Own the Podium

During the Olympics there was much talk, and criticism, about Own the Podium (OTP), the initiative launched in 2005 to ensure Canadian sports achieved podium performances at the Olympic and Paralympic Games.  The initiative has also set a goal for Canadian athletes to have a top-12 placing at the London 2012 Olympic Games and in the top eight nations at the 2012 Paralympic Games.

Approximately half of the funding for the OTP programme came from the Government of Canada, through Sport Canada. VANOC raised the other half through corporate, provincial, territorial, and public support.

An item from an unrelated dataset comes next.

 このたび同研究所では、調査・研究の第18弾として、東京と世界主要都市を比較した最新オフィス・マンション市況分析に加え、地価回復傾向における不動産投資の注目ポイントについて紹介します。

The phrase – “Own it” – was claimed to be un-Canadian and viewed as arrogant.  Some thought it put extra pressure on Canadian athletes to perform like never before and deliver medal winning performances but as hosts of the 2010 Games the pressure, and expectation, was already there.

Pressure or not, the Canadian athletes did a fantastic job and rose to the challenge.  The team set a new all-time high in winning 26 medals, including 14 gold medals – the highest number of gold medals Canada has ever won at any Games, and the most gold medals ever won by any nation at an Olympic Winter Games.

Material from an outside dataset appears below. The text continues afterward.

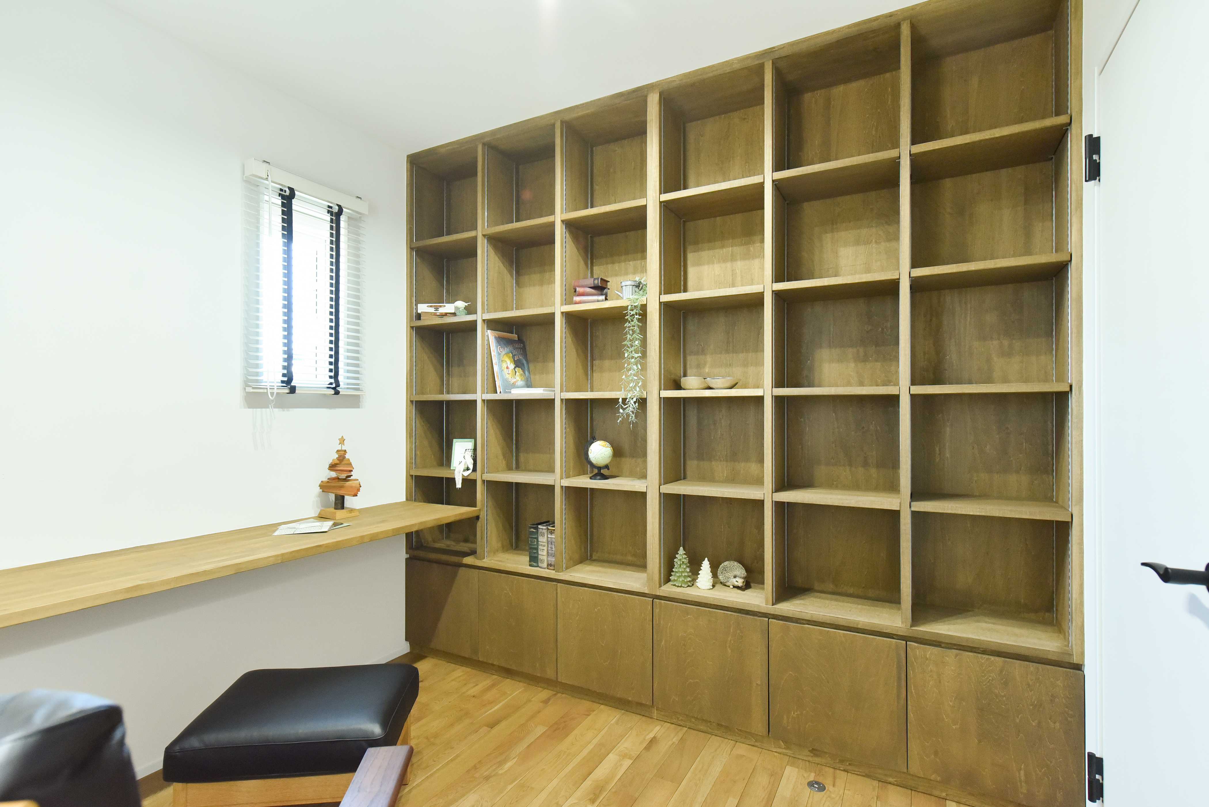キッズスペース×読書スペースになるピットフロア、スタディコーナー×壁面収納を備えたスキップフロアのある実用的設計のおうちです。

The national feeling and pride increased with every success and by the last day of the Games, capped by the Gold medal in the men’s hockey, Vancouver and cities/towns/communities across Canada, most were going wild with excitement.  Canada came alive like never seen before and the shouts of “Go Canada Go” or spontaneous singing of “O Canada” could be heard everywhere.

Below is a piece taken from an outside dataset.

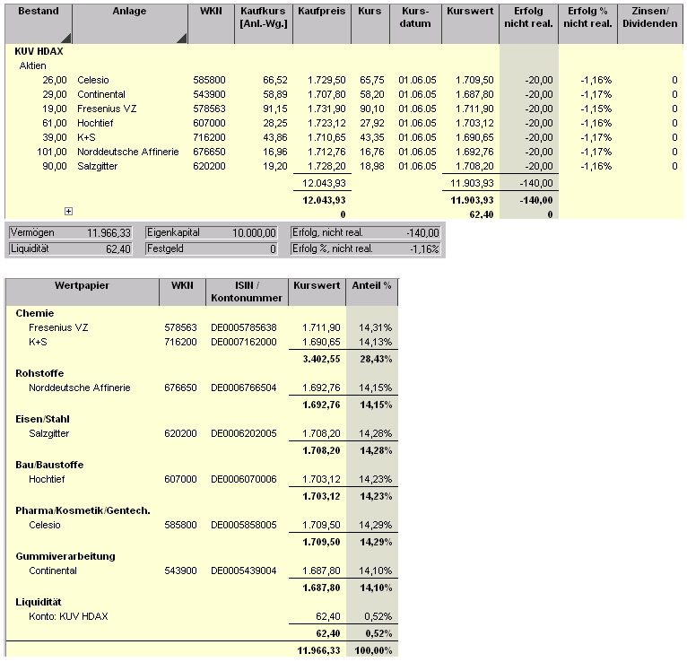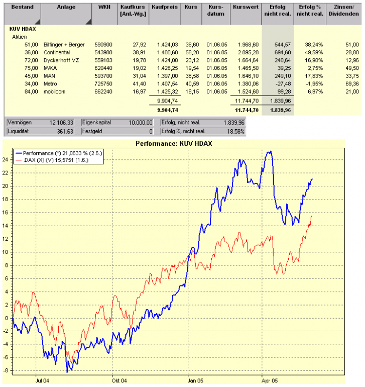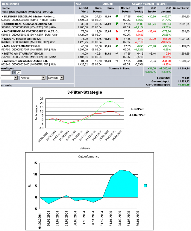 Aktiencrash Juni 2, 2005 So habe die Auswertung noch einmal neu überarbeitet, damit das ganze übersichtlicher wird. Die Dividende von IWKA und MAN ist hier nicht berücksichtigt. Hier also noch einmal die Auswertung für Mai 2005 Startkapital: 10.000 Depoteröffnung 04.06.04 Diesen Beitrag teilen Link zum Beitrag

As the largest contributor of funding and following the Canadian success in February, last week during the Budget, the Federal Government set aside $62m for “encouraging participation” in amateur sports over the next two years, with the lion’s share of that going to Canada’s Olympic-bound elite athletes.  This came after much speculation in the days before that funding to sport would be cut back.

The Federal Government’s commitment, to OTP now totals $69 million annually, which includes a base level of funding of $22 million per year that will be directed to winter sport.

For summer sport, the Government’s support is set at $36 million a year which will be invested to athletes preparing for the London 2012 Olympic and Paralympic Games.  The remaining $11 million will go toward creating programs targeted to further developing winter and summer athletes and targeted investments into Canadian Sport Centres.

Also part of the package to encourage participation in sports is:

  • $10 million over two years for the Canadian Paralympic Committee.
  • $2 million over two years for Special Olympics Canada.
  • $6 million over two years for ParticipACTION, a public campaign to encourage fitness.